How meal planning can help you lose weight

Ok, I realise this is a bit of a sweeping 'miracle-cure' statement but meal planning really can help you lose weight. And I'm not talking about calorie-counting, or cabbage soup or any of those horrendous 'meal replacement shake' diets. Nor am I promising that you'll drop a dress size in 3 days, be bikini-ready in a week, or back to your pre-wedding weight in a fortnight. I'm not silly enough to make those kinds of claims (and nor should you be silly enough to fall for them).

This is about good, old-fashioned sensible eating and a little bit of advanced planning. 

Here are some key ways in which meal planning can help you lose weight:

  • Meal planning takes the stress out of choosing what to eat. Long-term stress is a contributing factor in weight gain. Less stress = less weight!
  • Planning balanced meals means no more getting home, staring at an empty fridge and reaching for a takeaway, standard stodgy pasta supper or packet of biscuits for dinner. Less crap = less weight!
  • Cooking an extra portion for dinner means you'll have leftovers for lunch the next day - again no nutrient-void meal deals, same-old sarnies, or skipping lunch and eating your weight in chocolate buttons at 4pm (ahem!)
  • You only buy the ingredients you need for the meals you have planned. That way, there's no need to add in any 'surprise' items like a bumper box of Hob Nobs or a family-size bag of Maltesers. If you don't have these foods in the house, you won't be tempted to eat them. Simples. I recommend doing your food shopping online so as not to be tempted by the 3 for 2's, BOGOFs or unnecessary high sugar treats.
  • Meal planning saves you money. Which you can spend on some fancy new activewear to get that bum in shape ;)

It's really simple, and I'm going to show you how I do it. For breakfast, I suggest you stick to low sugar, high protein options such as:

Step by step instructions on how to meal plan

Step 1

Sit down on a Saturday or a Sunday with your blank planner and your diary. 

In the 'What's On' column on the right, write down all your plans for the week: kids' activities, nights out, playdates, lunch dates, hubby working late etc.

This allows you to plan in meals to fit around your schedule. You might need a quick supper if you know you'll be late home one evening, or no supper at all if you'll be out. 

Step 2

Have a think about what you already have in your fridge and cupboards from last week that can go towards next week's meals. Having a well-stocked store cupboard and some frozen essentials comes in really handy here.

The idea is that you should only need to top up your shop with fresh ingredients (fruit, veg and meat/fish) every week, and replace your store-cupboard essentials less frequently.

Getting something like an organic vegetable box delivered every week can help with planning meals around some of these ingredients. One less thing to think about!

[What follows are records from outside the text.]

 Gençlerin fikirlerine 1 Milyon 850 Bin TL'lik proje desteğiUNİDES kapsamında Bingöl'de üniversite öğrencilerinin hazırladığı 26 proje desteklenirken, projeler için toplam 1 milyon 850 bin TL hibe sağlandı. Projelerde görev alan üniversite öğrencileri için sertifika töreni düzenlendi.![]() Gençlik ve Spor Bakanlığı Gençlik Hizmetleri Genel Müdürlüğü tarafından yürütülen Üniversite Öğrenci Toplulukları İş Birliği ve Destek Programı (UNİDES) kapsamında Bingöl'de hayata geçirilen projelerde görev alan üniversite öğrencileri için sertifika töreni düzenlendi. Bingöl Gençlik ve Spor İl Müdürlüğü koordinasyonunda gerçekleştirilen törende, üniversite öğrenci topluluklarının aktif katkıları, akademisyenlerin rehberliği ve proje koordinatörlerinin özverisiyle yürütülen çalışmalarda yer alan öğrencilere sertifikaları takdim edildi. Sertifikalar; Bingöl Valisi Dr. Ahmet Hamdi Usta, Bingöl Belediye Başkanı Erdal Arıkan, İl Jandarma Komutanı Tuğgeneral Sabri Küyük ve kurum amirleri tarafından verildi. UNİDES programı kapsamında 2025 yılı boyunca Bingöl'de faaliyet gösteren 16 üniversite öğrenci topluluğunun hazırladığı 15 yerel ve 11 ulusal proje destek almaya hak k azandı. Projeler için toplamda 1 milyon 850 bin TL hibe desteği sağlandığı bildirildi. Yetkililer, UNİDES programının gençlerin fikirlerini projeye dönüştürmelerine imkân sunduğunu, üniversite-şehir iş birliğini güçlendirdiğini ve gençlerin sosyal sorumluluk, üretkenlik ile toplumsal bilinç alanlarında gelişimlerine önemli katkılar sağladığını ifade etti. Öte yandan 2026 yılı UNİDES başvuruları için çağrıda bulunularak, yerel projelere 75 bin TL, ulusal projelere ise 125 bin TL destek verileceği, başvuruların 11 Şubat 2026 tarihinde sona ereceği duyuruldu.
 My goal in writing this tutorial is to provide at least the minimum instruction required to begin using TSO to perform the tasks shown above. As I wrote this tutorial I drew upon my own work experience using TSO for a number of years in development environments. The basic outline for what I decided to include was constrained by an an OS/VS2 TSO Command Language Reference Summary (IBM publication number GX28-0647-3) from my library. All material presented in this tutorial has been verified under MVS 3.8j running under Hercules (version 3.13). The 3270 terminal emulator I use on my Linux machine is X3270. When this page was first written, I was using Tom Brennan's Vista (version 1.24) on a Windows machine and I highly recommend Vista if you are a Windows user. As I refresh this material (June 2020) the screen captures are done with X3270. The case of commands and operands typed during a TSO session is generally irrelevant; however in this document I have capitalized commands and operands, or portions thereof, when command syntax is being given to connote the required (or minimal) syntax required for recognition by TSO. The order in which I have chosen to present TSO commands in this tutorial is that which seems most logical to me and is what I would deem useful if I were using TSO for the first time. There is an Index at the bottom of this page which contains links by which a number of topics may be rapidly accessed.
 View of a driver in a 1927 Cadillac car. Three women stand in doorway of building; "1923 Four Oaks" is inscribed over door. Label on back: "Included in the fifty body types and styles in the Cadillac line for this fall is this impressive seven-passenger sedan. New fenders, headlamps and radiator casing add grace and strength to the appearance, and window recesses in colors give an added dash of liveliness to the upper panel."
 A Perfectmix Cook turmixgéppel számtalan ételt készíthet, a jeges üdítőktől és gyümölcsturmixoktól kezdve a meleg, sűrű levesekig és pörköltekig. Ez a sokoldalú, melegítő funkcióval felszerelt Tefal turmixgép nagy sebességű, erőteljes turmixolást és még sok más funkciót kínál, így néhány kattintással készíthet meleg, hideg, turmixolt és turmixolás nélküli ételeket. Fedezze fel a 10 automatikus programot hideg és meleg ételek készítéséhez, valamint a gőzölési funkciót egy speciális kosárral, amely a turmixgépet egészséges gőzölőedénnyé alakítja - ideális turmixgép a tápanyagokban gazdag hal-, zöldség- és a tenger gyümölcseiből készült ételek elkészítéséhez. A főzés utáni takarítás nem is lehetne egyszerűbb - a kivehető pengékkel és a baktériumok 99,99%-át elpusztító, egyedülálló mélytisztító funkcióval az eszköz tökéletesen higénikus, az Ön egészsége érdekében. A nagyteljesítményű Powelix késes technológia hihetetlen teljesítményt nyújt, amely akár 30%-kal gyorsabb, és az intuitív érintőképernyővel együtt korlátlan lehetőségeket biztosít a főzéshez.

  • Brown rice, lentils and frozen peas:
    • Add chicken and broccoli to make a meal grilled chicken on a bed of lentils and rice, with a side of steamed peas and broccoli. I'd add a nice squeeze of lemon and a good drizzle of olive oil over this or it could be a bit dry! A curry is also really easy to throw together with a good stock of spices. This butternut squash, lentil and spinach curry is one of my favourites.
  • Frozen prawns and rice noodles:
    • Add mixed veg such as spring onions, babycorn and sliced carrots and make a lovely stir-fry with tamari, sesame oil and fresh lime.
  • Onions, carrots and sweet potatoes:
    • Chuck these in the slow cooker with a pack of diced lamb (lamb casserole recipe) or beef and you've got a casserole ready for one of those busy evenings.

Step 3

Plan your meals in. Try to plan a variety of different vegetables, plant and animal protein throughout the week to ensure you're getting a good balance of vitamins and minerals. So I might go for two fish dishes, a chicken dish, one or two meat dishes and a vegetarian meal. Although as I am avoiding grains and legumes due my thyroid condition I tend to eat more meat and veg-based dishes at the moment.

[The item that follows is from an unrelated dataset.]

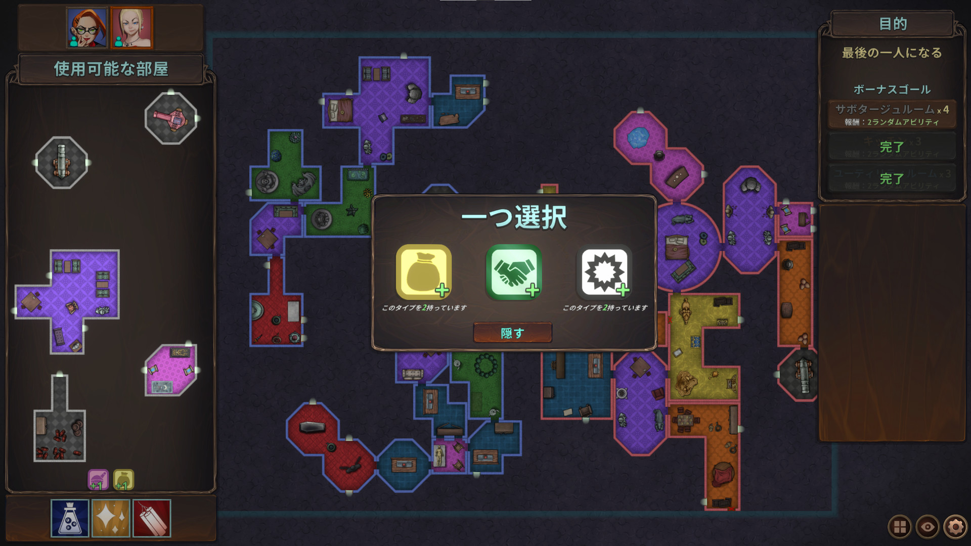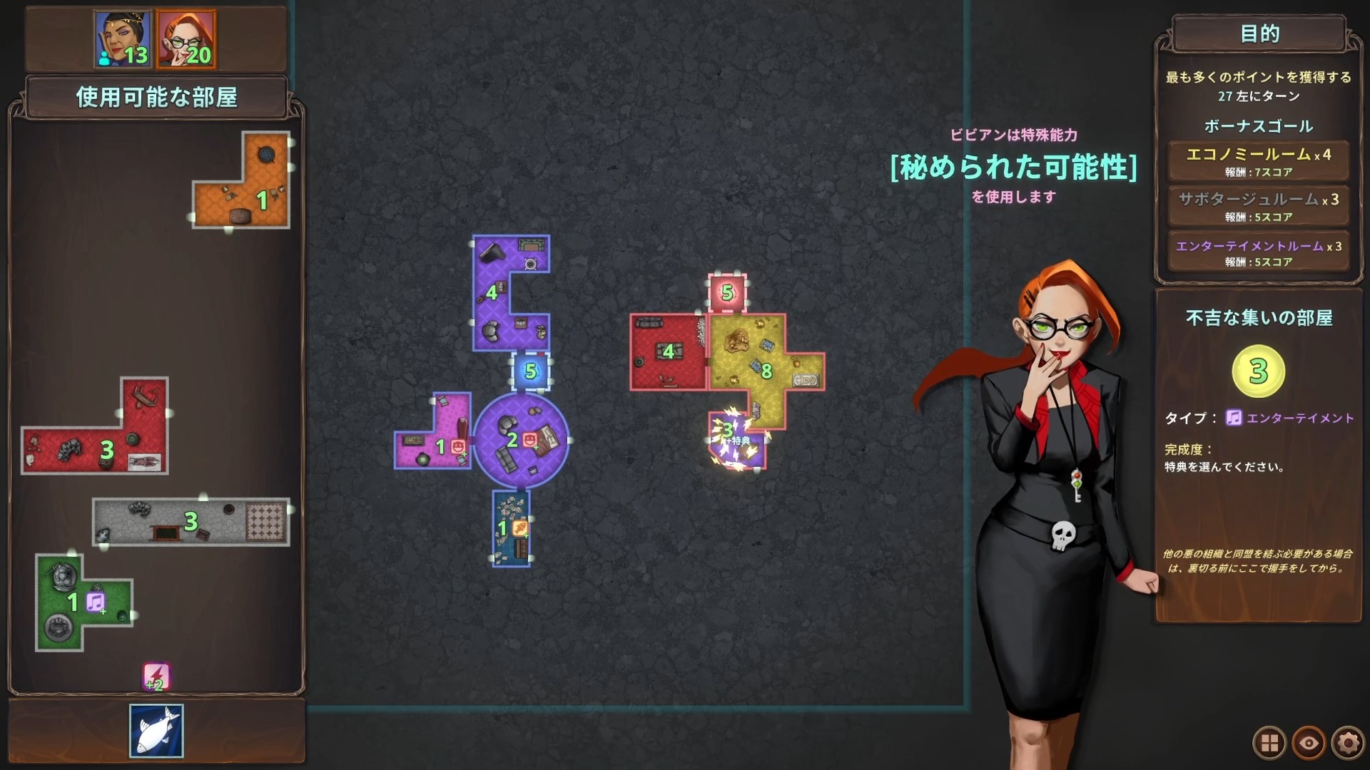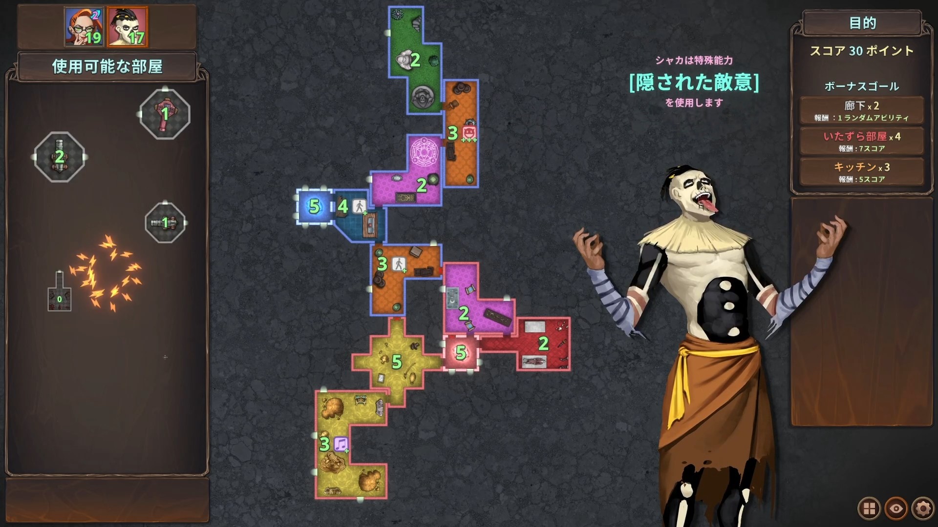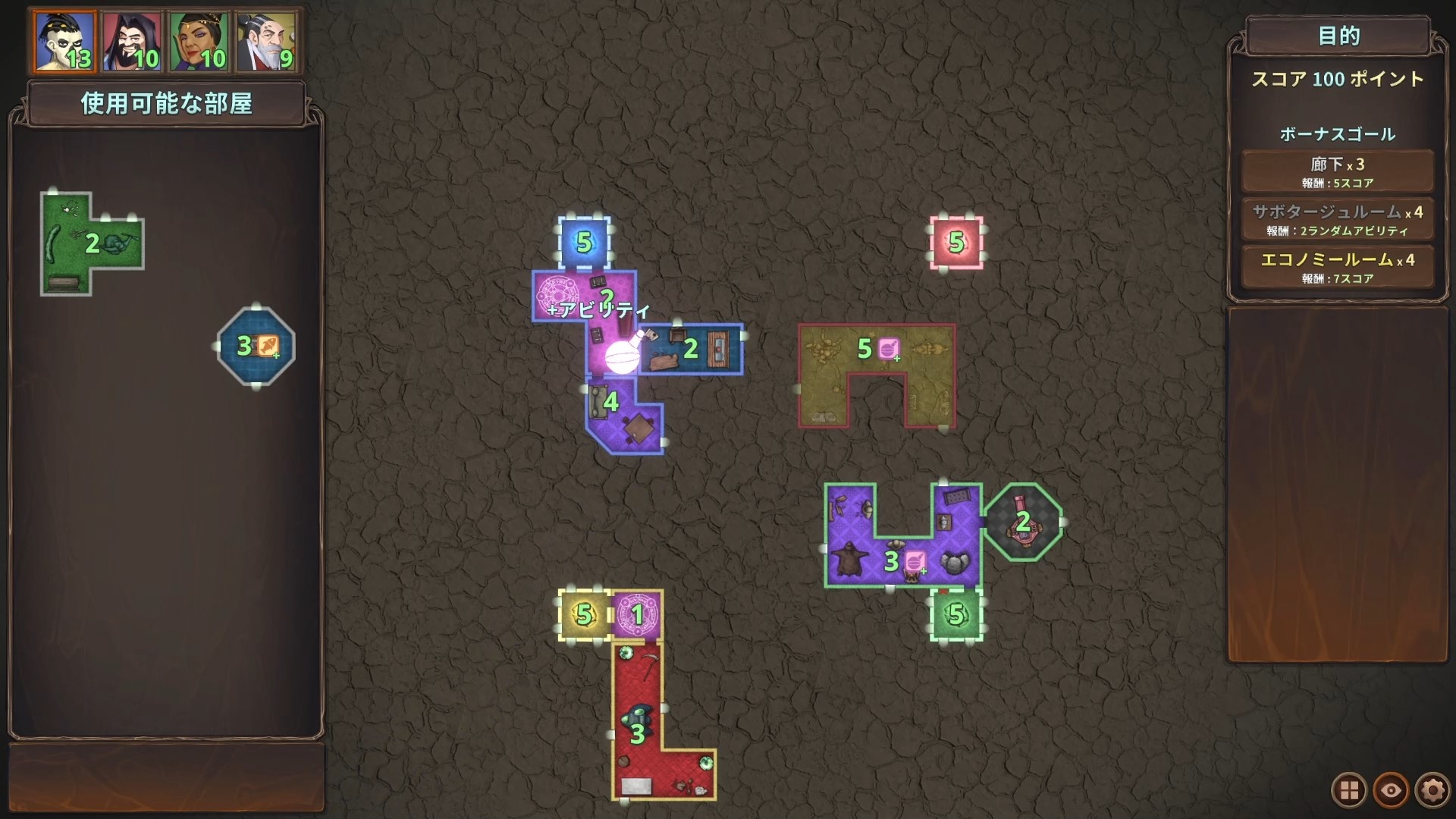 部屋によって、それぞれ独自の効果や隣人の好みがあります。最適な配置を見つけることで、相手に対して戦術的に優位に立ち、建築の持つポテンシャルを最大限に引き出すことができます。最適な配置を見つけることができれば、これほど嬉しいことはありません。

You can build up a repertoire of recipes from various places and keep them folder - have a look on blogs, (like this one!), websites like BBC Food, or supplements like the Observer Food Monthly. Waitrose's free monthly magazine usually has some lovely recipes too. Some weeks, I'll pick up one of my cookbooks and decide to cook all my meals out of this. It's a great way of learning new recipes and building up your skills. And actually using a cookbook! 

Make your shopping list based on the meals in the planner and aim to do your shopping online.

I'm a big fan of using leftovers for lunch the next day, or building a new meal out of some reheated ingredients of the previous day's dinner. I have included some tips on how to do this in my 5 day lunch and dinner meal plan which you can access by the clicking the link below. 

I don't like to spend hours in the kitchen any more than the next person, but at the end of a long day, I want to nourish my body with some good food. I hope I can inspire you to get meal planning, get organised, take the stress out of deciding what to eat and, in the long-term, help you to lose weight!